▼▼▼

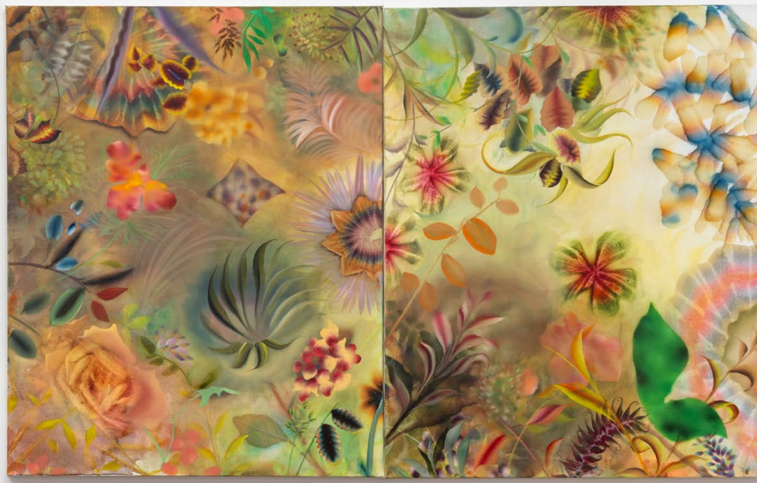
Exhibition views, Autumn Ramsey , 5 Rue de Beaune, 2023.
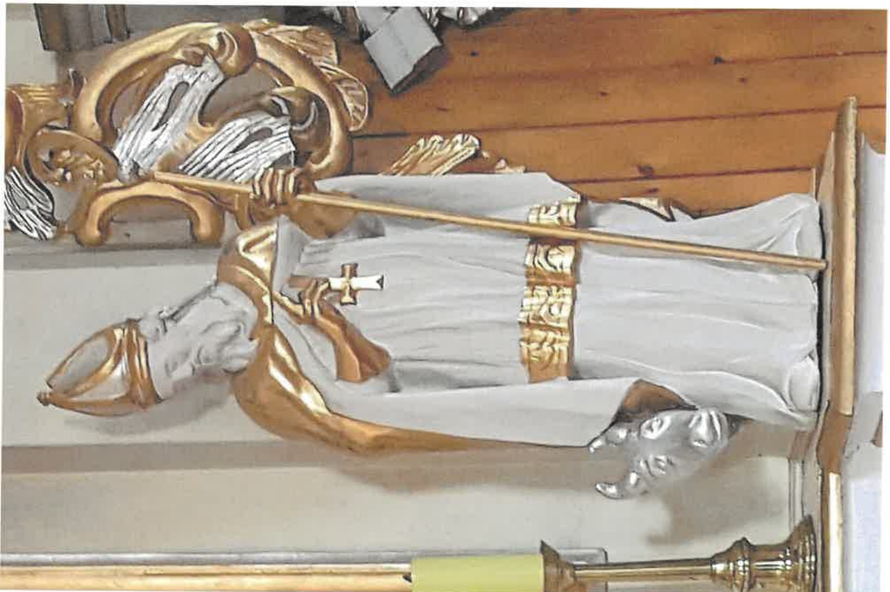
Fot. 3. Figura z ołtarza bocznego, z obrazem Chrystusa Boleskiego, z kościoła pod wezwaniem pod wezwaniem Św. Jakuba w Niechanowie.
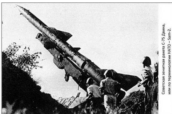
Советская зенитная ракета С-75 Двина, или по терминологии НАТО – Sam-2.
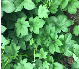
Japansk humle Humulus japonicus
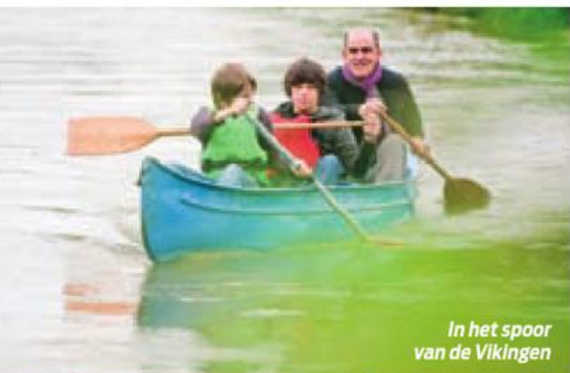
In het spoor van de Vikingen
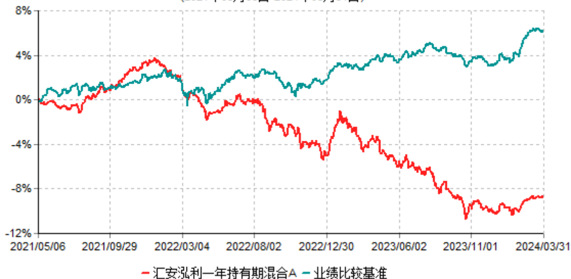
汇安泓利一年持有期混合A累计净值增长率与业绩比较基准收益率历史走势对比图 (2021年05月06日-2024年03月31日)
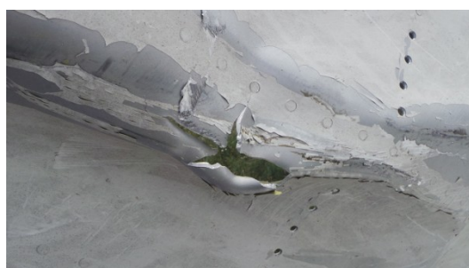
Фото 4. Фрагмент фюзеляжа Boeing 777
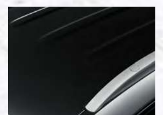
루프 스킨 (블랙)
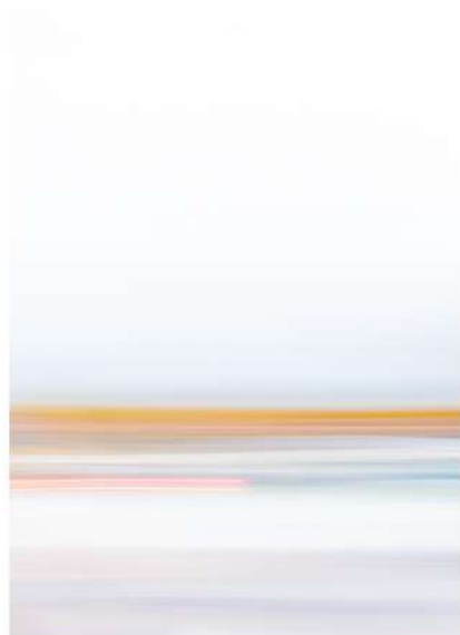
Intentional Camera Movement Photography
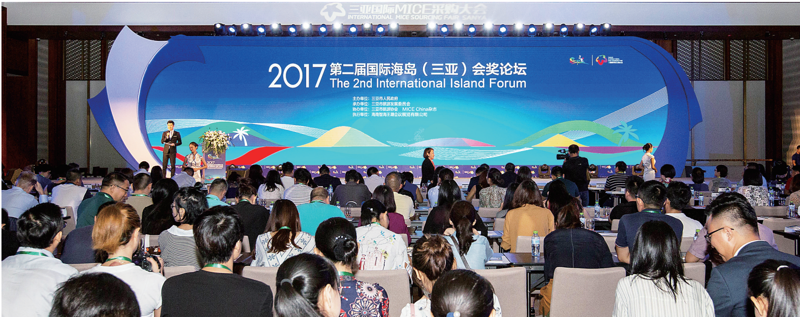
2017 第二届国际海岛(三亚)会奖论坛在三亚海棠湾举行。本报记者 武威 摄

优质会奖资源供不应求，是近年来海南会奖经济加快提升的缩影。“海南拥有完善的高档酒店设施和会展服务设施，已初步构建起以海口、三亚、博鳌、儋州为中心，其余市县特色化、差异化发展的会奖产业格局。”省旅游委国内市场与会展处调研员张晔表示，琼岛不断开发完善各类会奖旅游产品，推出的滨海度假、
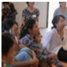
みなさん熱心に耳を傾けて。グループワークは積極的に育児談話。
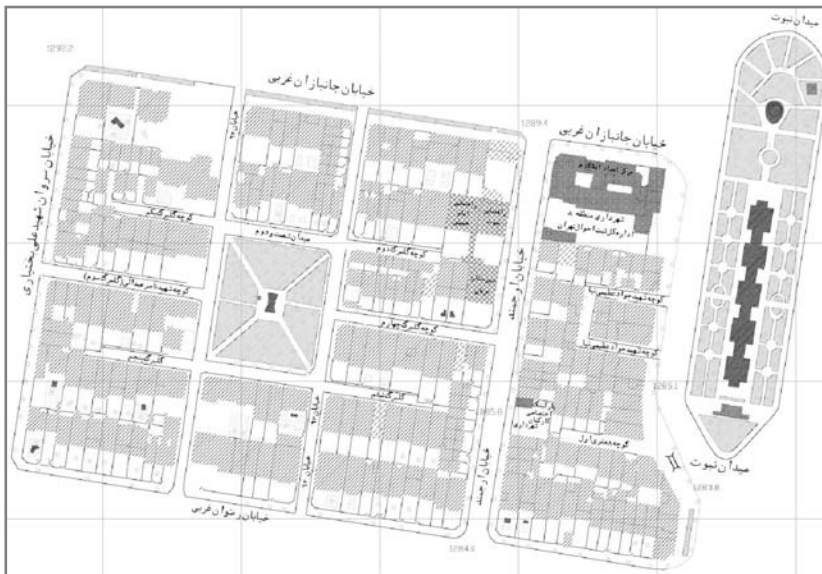
تصویر شماره ۵: میدان شصت و دوم (واحد همسایگی)
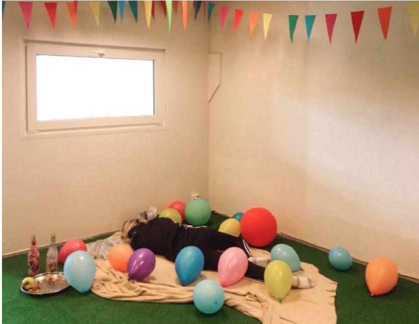
Dokumentatsioonifoto näituselt.
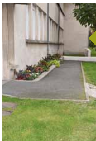
Nouvelles plantations réalisées allée Antony Bardin
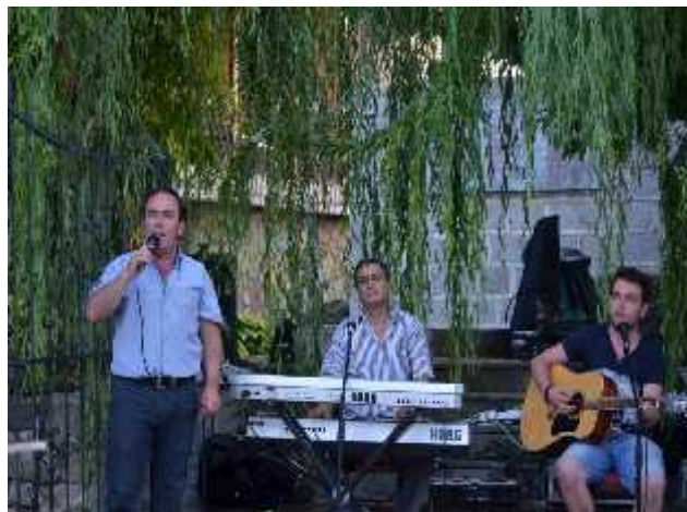
Foto nga aktiviteti festa e lakrorit
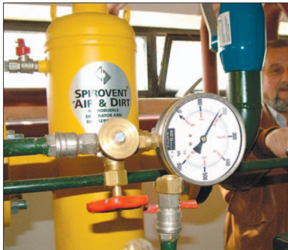
A Mihó egyik korszerű hőközpontja.

saját hőerőmű építésével kapcsolatban a Mihó Kft. és a Magyar Villamos Művek Rt. 2002 márciusában a megál-
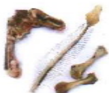
Restes de carn i peix
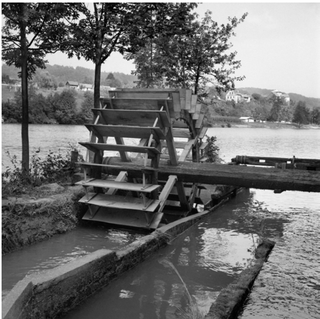
Pogled proti Vinici, 1974
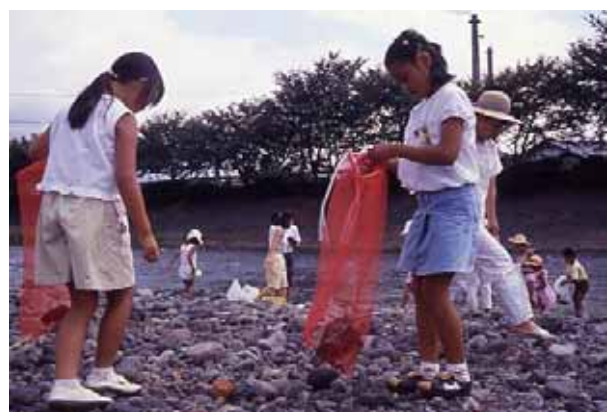
みづか 自ら水からきれいなまちへ
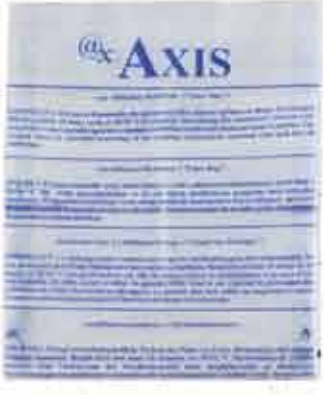
%100 EO Ampül
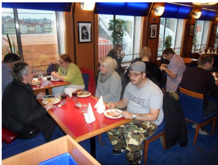
På færgen hjemad - der spises aftensmad.
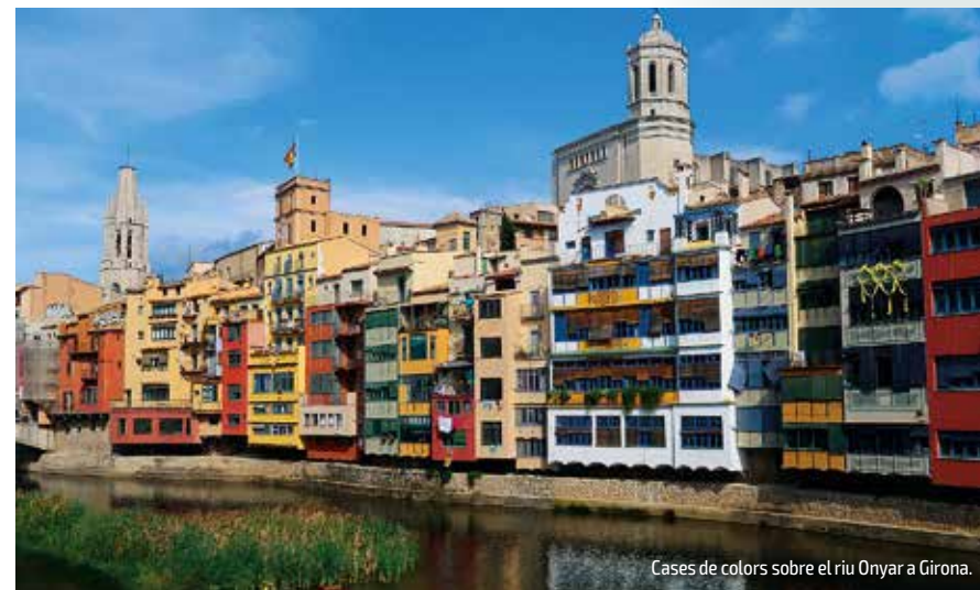
Cases de colors sobre el riu Onyar a Girona.
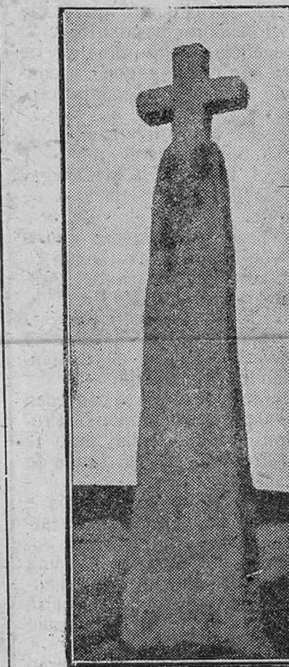
La Cruz del Rey Don Sancho, lugar donde en la mañana de ayer la procesión de la Virgen de la Concha entonó el responso a la memoria del Rey que puso cerco a la ciudad de Zamora
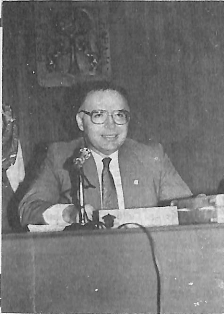
El Dr. Jorge Carpizo McGregor, durante su conferencia: "Principios constitucionales de la justicia social en México", dictada el 1º de junio en el Paraninfo Universitario.
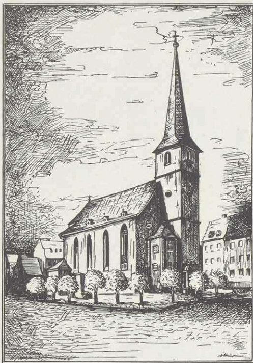
St. Gertraud (einst und jetzt wieder).

Der Name des Pleicherviertels – noch bis in die neueste Zeit eine eigenständige und originale Vorstadt Würzburgs – kommt von der Pleichach, einem gelegentlich recht kräftigen Bach. Die "Pleich", wie das Viertel von seinen Bewohnern genannt wird, ist die Abkürzung des Bachnamens "Blei-haha" und bedeutet Bleichwasser und dürfte wohl bis in die karolingische Zeit zurückgehen. Bleichwasser deshalb, weil das von Wiesen umgebene Gewässer, mit diesen zusammen zum Wäschebleichen diente. Es floß, nach der Vereinigung der Bäche Riederbach und Wertbach bei Unterpleichfeld an Mühlhausen, Maidbronn, Rimpar und Versbach vorbei bzw. hin-
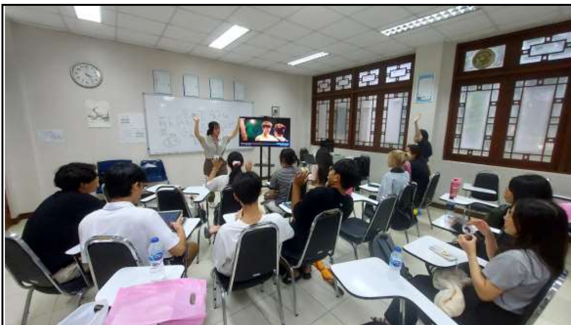
(圖四) 電影華語文化課，觀後討論中。
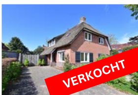
OUDE KERKWEG 18

▲▲▲

Only lines from the one holding "تصویر شماره ۵: میدان شصت و دوم (واحد همسایگی)" through the last line of the entries above are wanted, both ends included, each retyped exactly; no pictures.

• EXPECTED ANSWER
تصویر شماره ۵: میدان شصت و دوم (واحد همسایگی)
Dokumentatsioonifoto näituselt.
Nouvelles plantations réalisées allée Antony Bardin
Foto nga aktiviteti festa e lakrorit
A Mihó egyik korszerű hőközpontja.

saját hőerőmű építésével kapcsolatban a Mihó Kft. és a Magyar Villamos Művek Rt. 2002 márciusában a megál-
Restes de carn i peix
Pogled proti Vinici, 1974
みづか 自ら水からきれいなまちへ
%100 EO Ampül
På færgen hjemad - der spises aftensmad.
Cases de colors sobre el riu Onyar a Girona.
La Cruz del Rey Don Sancho, lugar donde en la mañana de ayer la procesión de la Virgen de la Concha entonó el responso a la memoria del Rey que puso cerco a la ciudad de Zamora
El Dr. Jorge Carpizo McGregor, durante su conferencia: "Principios constitucionales de la justicia social en México", dictada el 1º de junio en el Paraninfo Universitario.
St. Gertraud (einst und jetzt wieder).

Der Name des Pleicherviertels – noch bis in die neueste Zeit eine eigenständige und originale Vorstadt Würzburgs – kommt von der Pleichach, einem gelegentlich recht kräftigen Bach. Die "Pleich", wie das Viertel von seinen Bewohnern genannt wird, ist die Abkürzung des Bachnamens "Blei-haha" und bedeutet Bleichwasser und dürfte wohl bis in die karolingische Zeit zurückgehen. Bleichwasser deshalb, weil das von Wiesen umgebene Gewässer, mit diesen zusammen zum Wäschebleichen diente. Es floß, nach der Vereinigung der Bäche Riederbach und Wertbach bei Unterpleichfeld an Mühlhausen, Maidbronn, Rimpar und Versbach vorbei bzw. hin-
(圖四) 電影華語文化課，觀後討論中。
OUDE KERKWEG 18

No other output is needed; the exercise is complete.